» **Goal of the exercise**
Leave the pictures out. Return all other data exactly.

» **Given information**
* * * * * * *
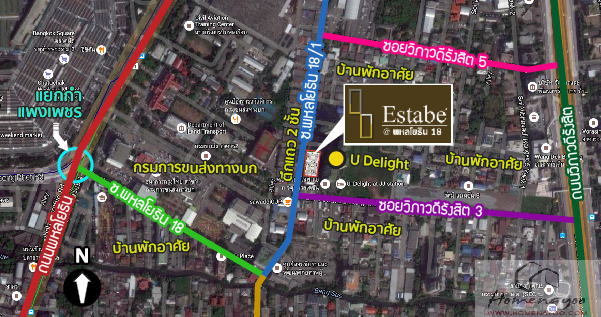 ทำเลที่ตั้งโครงการ – Estabe พหลโยธิน 18 ตั้งอยู่ในทำเลไม่ไกลจากสวนจตุจักรที่เป็นทั้งแหล่งช็อปปิ้ง และจุดเชื่อมต่อการเดินทางไปยังที่ต่างๆ โดยทางเข้า-ออกโครงการมีหลายเส้นทาง ที่สามารถเชื่อมกับซอยพหลโยธิน 18/1 ได้ รอบๆโครงการระยะเดินในซอยมีร้านอาหารริมทางให้เห็น 7-11 ห่างจากโครงการประมาณ 70 ม. แต่ส่วนใหญ่ในซอยนี้จะเป็นร้านตรวจสภาพรถ ตรอ. ร้านต่อทะเบียนรถ เนื่องจากพื้นที่อยู่ติดกับกรมขนส่งทางบก ตลาดสดใกล้ๆมี อ.ต.ก. และตรงเส้นสุทธิสารวินิจฉัย ตามริมทางถนนพหลโยธินก็มีของขายจะเป็นพวกร้านรถเข็น เสาร์อาทิตย์ก็จะมีตลาดนัดจตุจักรมีทั้งของกิน ของใช้ และอีกหลายอย่างครับย่านนี้หาของกินไม่ยากเท่าไหร่ แต่ถ้าคนชอบห้างสรรพสินค้าก็คงต้องไปเซ็นทรัลลาดพร้าวเลย ตรงข้ามเซ็นทรัลก็เป็นยูเนี่ยนมอลล์ หรือมาตรง Big C สะพานควาย นอกนั้นก็ขึ้นรถไฟฟ้าเข้าไปในเมืองสะดวกดีครับ
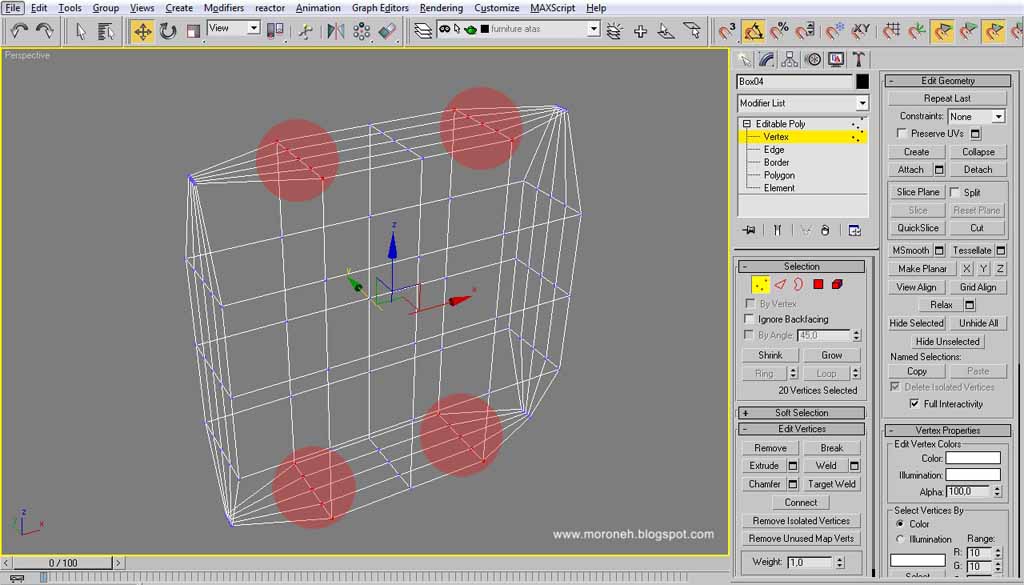 6. Pilih "Vertex", kemudian pilih "Select and Uniform Scale"/ tekan "R"
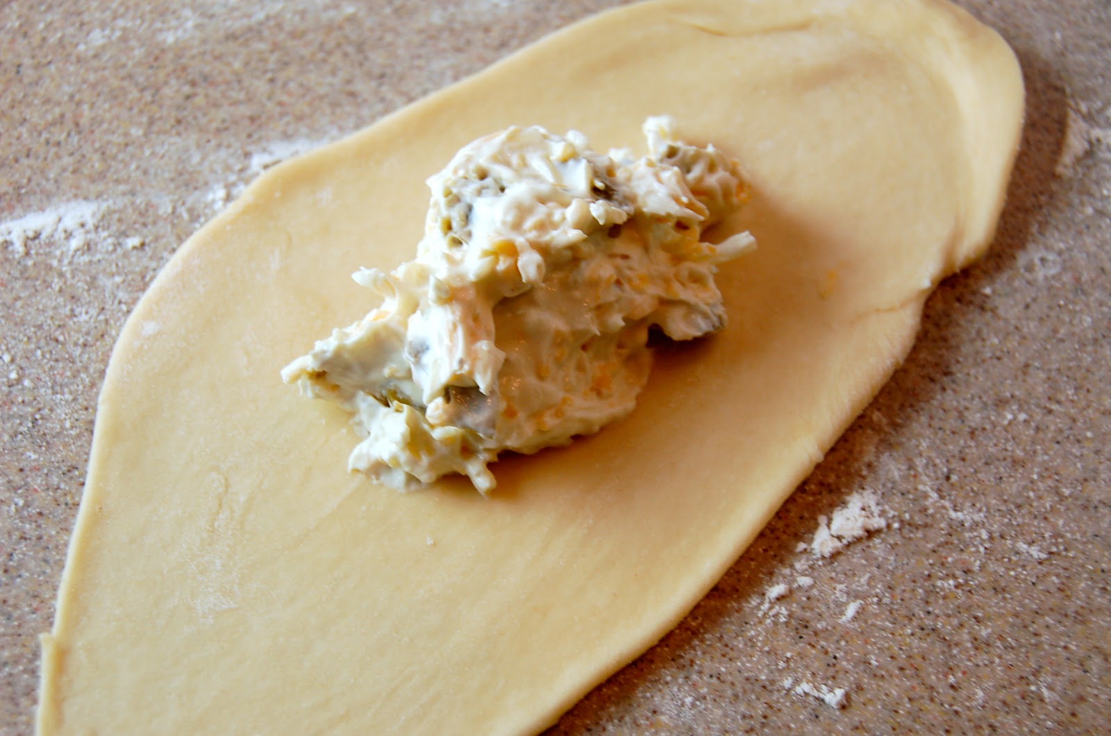 A few weeks ago, we made these pretzel sticks that were absolutely divine. They certainly were the best soft pretzels I have ever eaten in my entire life. We decided that an out-of-this-world combination would be to stuff the already delicious pretzel with jalapeno popper filling. That's precisely what I decided to bring for our "game night" the other night. Holy smokes they were tasty. All things wonderful about the soft and salty pretzel combined with the creamy, spicy, and cheesiness of the popper filling.
* * * * * * *
» **Problem solution**
 ทำเลที่ตั้งโครงการ – Estabe พหลโยธิน 18 ตั้งอยู่ในทำเลไม่ไกลจากสวนจตุจักรที่เป็นทั้งแหล่งช็อปปิ้ง และจุดเชื่อมต่อการเดินทางไปยังที่ต่างๆ โดยทางเข้า-ออกโครงการมีหลายเส้นทาง ที่สามารถเชื่อมกับซอยพหลโยธิน 18/1 ได้ รอบๆโครงการระยะเดินในซอยมีร้านอาหารริมทางให้เห็น 7-11 ห่างจากโครงการประมาณ 70 ม. แต่ส่วนใหญ่ในซอยนี้จะเป็นร้านตรวจสภาพรถ ตรอ. ร้านต่อทะเบียนรถ เนื่องจากพื้นที่อยู่ติดกับกรมขนส่งทางบก ตลาดสดใกล้ๆมี อ.ต.ก. และตรงเส้นสุทธิสารวินิจฉัย ตามริมทางถนนพหลโยธินก็มีของขายจะเป็นพวกร้านรถเข็น เสาร์อาทิตย์ก็จะมีตลาดนัดจตุจักรมีทั้งของกิน ของใช้ และอีกหลายอย่างครับย่านนี้หาของกินไม่ยากเท่าไหร่ แต่ถ้าคนชอบห้างสรรพสินค้าก็คงต้องไปเซ็นทรัลลาดพร้าวเลย ตรงข้ามเซ็นทรัลก็เป็นยูเนี่ยนมอลล์ หรือมาตรง Big C สะพานควาย นอกนั้นก็ขึ้นรถไฟฟ้าเข้าไปในเมืองสะดวกดีครับ
 6. Pilih "Vertex", kemudian pilih "Select and Uniform Scale"/ tekan "R"
 A few weeks ago, we made these pretzel sticks that were absolutely divine. They certainly were the best soft pretzels I have ever eaten in my entire life. We decided that an out-of-this-world combination would be to stuff the already delicious pretzel with jalapeno popper filling. That's precisely what I decided to bring for our "game night" the other night. Holy smokes they were tasty. All things wonderful about the soft and salty pretzel combined with the creamy, spicy, and cheesiness of the popper filling.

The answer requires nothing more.